The control unit 28 is configured using a central processing unit (CPU) or the like. The control unit 28 controls operations of a process by each unit of the optical measurement apparatus 2. The control unit 28 controls the operations of the optical measurement apparatus 2 by performing transfer or the like of instruction information and data corresponding to each unit of the optical measurement apparatus 2. The control unit 28 records the results of the measurement by the light receiving unit 24 in the recording unit 27. The control unit 28 has the calculation unit 28a.

Based on the results of the measurement by the light receiving unit 24, the calculation unit 28a performs a plurality of calculation processes and calculates characteristic values related to the characteristics of the measurement target. The types of these characteristic values are set according to the instruction signal received by the input unit 25, for example.

Next, the measurement probe 3 is explained. The measurement probe 3 is realized by arranging a plurality of optical fibers inside thereof. Specifically, the measurement probe 3 is realized by using an illumination fiber that irradiates the measurement target with the illumination light and the plurality of light receiving fibers into which the returned light of the illumination light reflected and/or scattered from the measurement target enter at different angles. The measurement probe 3 has the connector portion 31 detachably connected to the connection unit 23 of the optical measurement apparatus 2, a flexible portion 32 having a flexibility, and a distal end portion 33 which outputs the illumination light supplied from the light source unit 22 and receives the returned light from the measurement target. The illumination fiber and the light receiving fibers are each configured using a step index single core fiber.

Next, a calibration apparatus for calibrating the measurement probe 3 is described with reference to FIGS. 2 to 5. FIG. 2 is a perspective diagram that schematically illustrates a configuration of a calibration apparatus of the optical measurement system according to the first embodiment of the present invention. A calibration apparatus 4 illustrated in FIG. 2 is formed of a plurality of calibrators provided according to a type of calibration and a support portion 41 that supports the plurality of calibrators in their standing state.

The plurality of calibrators include a flat field calibrator 42 for calibrating optical characteristics of the measurement probe 3 with respect to uniform light, a white balance calibrator 43 for calibrating a white balance that is a reference, a first background calibrator 44 for calibrating a background in the air, and a second background calibrator 45 for calibrating a background in water. Each of these calibrators is approximately columnar and provided with an accommodation hole for inserting and accommodating the distal end portion 33 of the measurement probe 3.

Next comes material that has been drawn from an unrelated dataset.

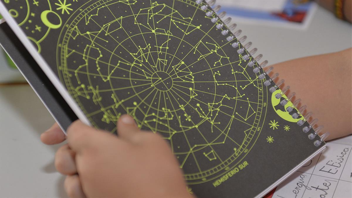 Con el objetivo de generar interés por la astronomía y hacerla más atractiva a los escolares, la portada y contraportada del dietario han sido elaboradas con tinta fotoluminiscente que se carga con luz solar o luz artificial y se ilumina en la oscuridad, revelando las constelaciones de los dos hemisferios que aparecen en ellas.

By performing optical measurement by the measurement probe 3 using each of the above mentioned calibrators, calibration factors and calibration values are calculated by the calculation unit 28a. Specifically, the distal end portion 33 of the measurement probe 3 is inserted in the accommodation hole of the flat field calibrator 42 for example, and light for calibration is received by the light receiving fibers and output to the light receiving unit 24. Measurement values obtained from the measurement target such as the body tissue or the like are corrected by the calculation unit 28a based on the above mentioned calibration factors and calibration values and output as accurate optical measurement values.

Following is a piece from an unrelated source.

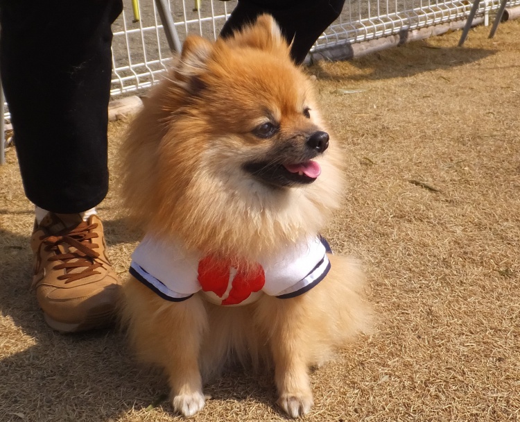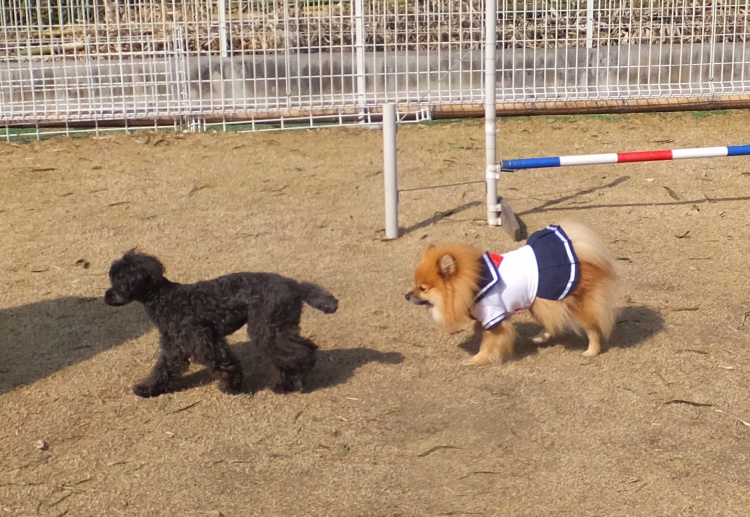ポメラニアンのモコちゃんジャンプが上手です^^カイト君に興味津々(・・?

FIG. 3 is a cross section diagram that schematically illustrates a structure of main parts of the calibration apparatus of the optical measurement system according to the first embodiment of the present invention and a cross section thereof is a plane perpendicular to a longitudinal direction of the calibration apparatus. FIG. 3 is a diagram that illustrates the second background calibrator 45 illustrated in FIG. 2.

The second background calibrator 45 includes: a first accommodation portion 451 that has an opening at one end thereof and accommodates water W, which is a background; a second accommodation portion 452 that has an opening at one end thereof and accommodates the first accommodation portion 451; a sealing member 453 that seals each of the openings of the first accommodation portion 451 and the second accommodation portion 452; and a removing member 454 that removes a substance adhered to the distal end of the measurement probe 3, by the measurement probe 3 being inserted therethrough after the removing member 454 comes into contact with the distal end of the measurement probe 3 upon accommodation of the distal end portion 33 of the measurement probe 3 in the first accommodation portion 451. Between the first accommodation portion 451 and the sealing member 453, an O-ring 455 is provided, which fixes between the first accommodation portion 451 and the sealing member 453 and prevents the water W accommodated in the first accommodation portion 451 from leaking outside from between the first accommodation portion 451 and the sealing member 453.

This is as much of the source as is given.